* **Work task**
Your copy should hold exactly the lines from the one containing "СХЕМА МОНТАЖА ТСУ" through the last line of the entries, and no pictures.

Dataset excerpts:

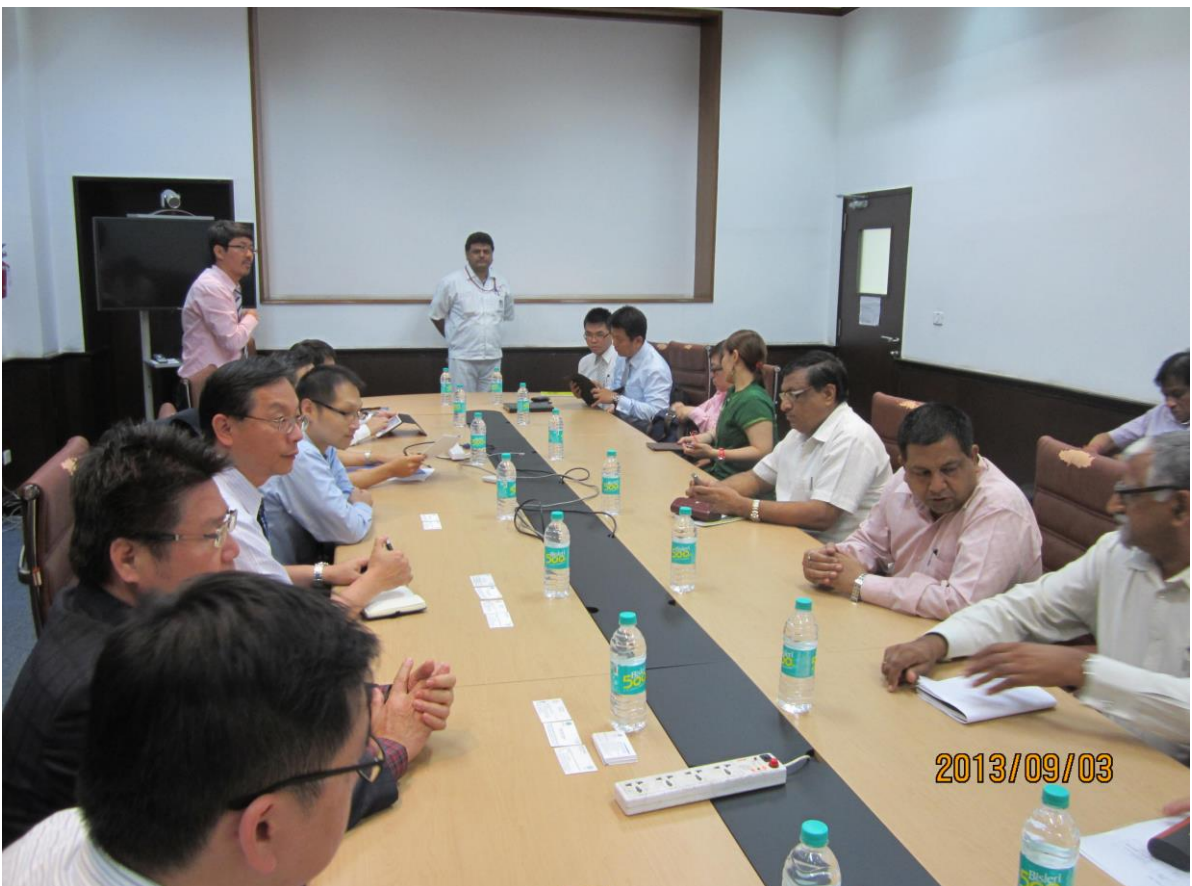
9月3日 參訪 Haryana IMT-Manesar 工業區 Honda 機車廠
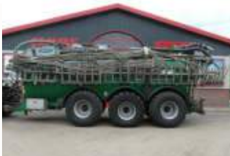
Samson PG 25 Bj. 13, 25.000l, 33m Schleppschlauch, Flowmesser, Sektionsentleerung
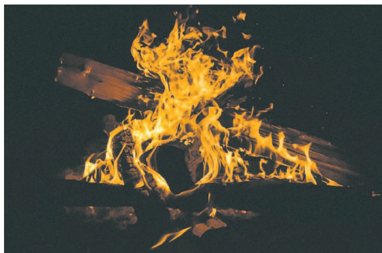
FOT. zażegnanie poglądowne

Trwa sezon grzewczy. W tym okresie wzrasta zagrożenie zatrucia czadem. Policja i straż pożarna ostrzegają przed jego zabójczym działaniem. Silny wiatr, brak odpowiedniej wentylacji pomieszczeń bądź niesprawne piecze opałowe czy piecyki gazowe często powodują poważne w skutkach zatrucia tlenkiem węgla.
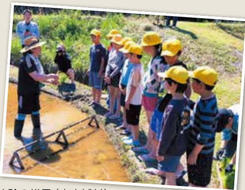
南山城小学校の田植え体験の様子(南山城村)
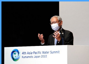
谷名譽教授による基調講演
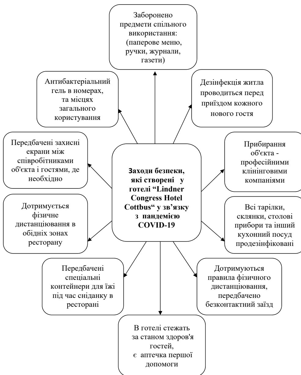
Рис. 1. Заходи безпеки, які створені у готелі Lindner Congress Hotel Cottbus у зв'язку з пандемією COVID-19

Розглянемо діяльність 4-зіркового готелю, який розташований в історичному центральному кварталі міста Котбус. Зручні та просторі номери готелю Lindner Congress Hotel Cottbus оснащені всіма сучасними засо-
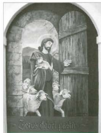
Poslikava »Jezus dobri pastir«

Legnarju. Kot je ob priliki blagoslovitve povedala že sama mlada gospodinja, naj vse domače Legnarjeve in vse, ki bodo hodili mimo te kapelice, spremlja Marijino varstvo.
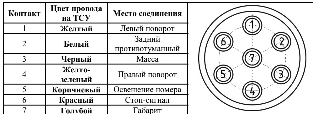
СХЕМА МОНТАЖА ТСУ
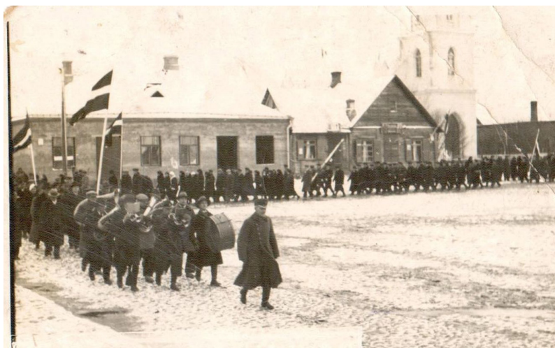
Parāde Ilūkstes pilsētas laukumā, 30-tie gadi
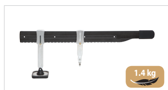
Рычаг для правки Премиум-класса Арт. 059290
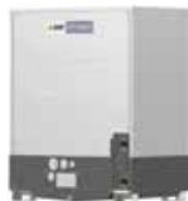
PQHY-P200YLM-A1 PQHY-P250YLM-A1 PQHY-P300YLM-A1
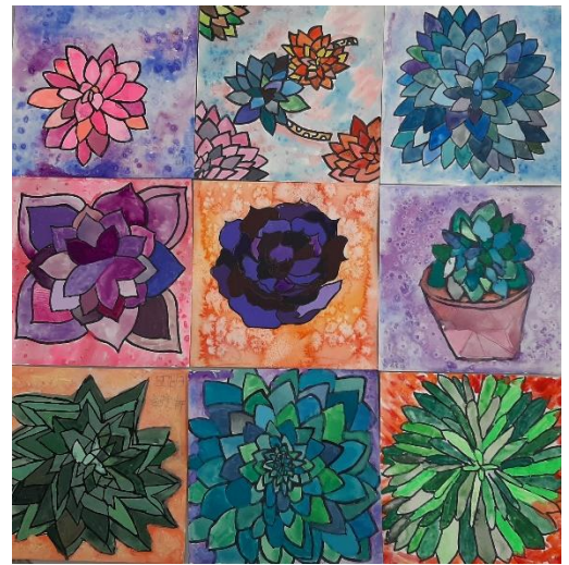
從觀察、轉化到創作
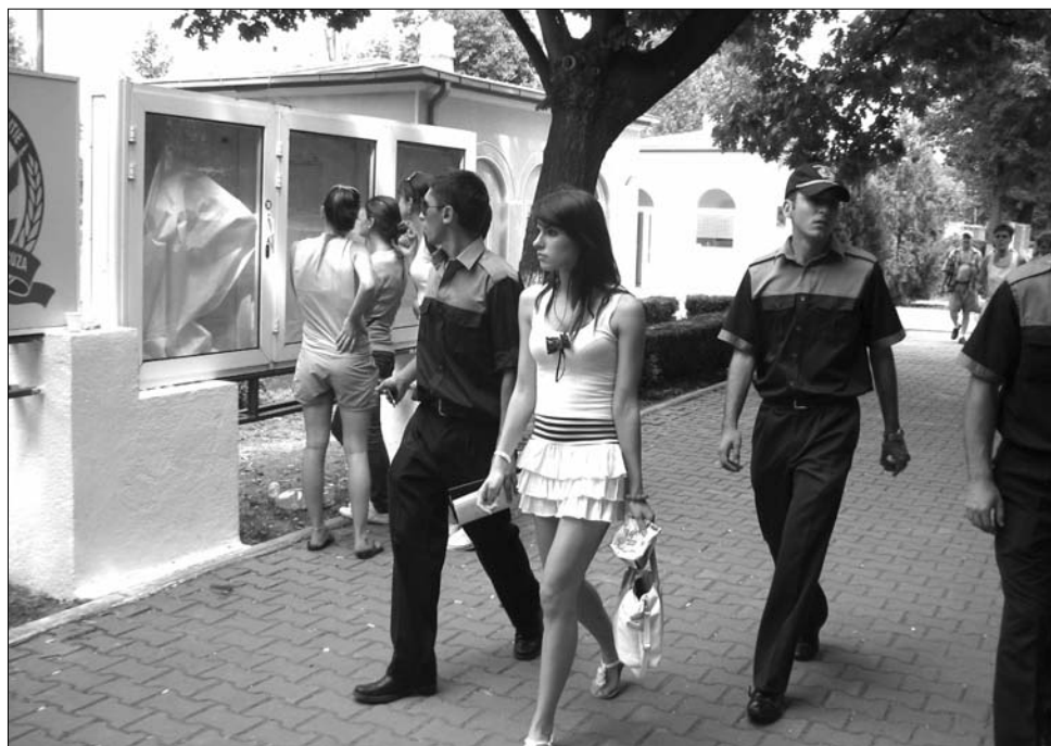
Angyalbörben. Ha sikerül a felvételi vizsgája, az ifjú hölgy is kadétruhat öltöhet magára

Az intézményvezető szerint a másik nagy előnye az akadémiának a biztos munkahely. „Mondjanak nekem még egy olyan felsőoktatási intézményt, amely államvizsga után, első perctől állást garantál végzőseinek. Az ország tele van diplomájukat lobogtató végzősökkel, akik hiába kilincselnek, nem kapnak munkát sehol. A rendőrségi munkahelyek pedig biztos megélhetést garantálnak” – ecseteli az előnyöket a rektorhelyettes. ◀
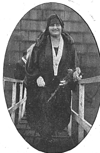
Dr. Maria Montessori
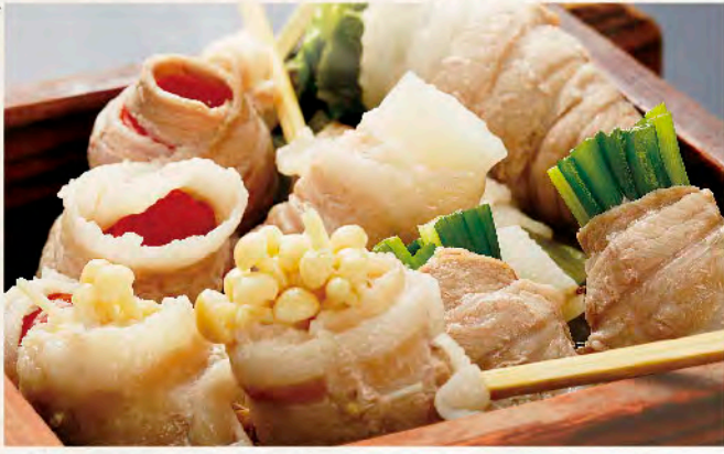
蒸籠蒸し肉巻き野菜5種

* **Response below**
СХЕМА МОНТАЖА ТСУ
Parāde Ilūkstes pilsētas laukumā, 30-tie gadi
Рычаг для правки Премиум-класса Арт. 059290
PQHY-P200YLM-A1 PQHY-P250YLM-A1 PQHY-P300YLM-A1
從觀察、轉化到創作
Angyalbörben. Ha sikerül a felvételi vizsgája, az ifjú hölgy is kadétruhat öltöhet magára

Az intézményvezető szerint a másik nagy előnye az akadémiának a biztos munkahely. „Mondjanak nekem még egy olyan felsőoktatási intézményt, amely államvizsga után, első perctől állást garantál végzőseinek. Az ország tele van diplomájukat lobogtató végzősökkel, akik hiába kilincselnek, nem kapnak munkát sehol. A rendőrségi munkahelyek pedig biztos megélhetést garantálnak” – ecseteli az előnyöket a rektorhelyettes. ◀
Dr. Maria Montessori
蒸籠蒸し肉巻き野菜5種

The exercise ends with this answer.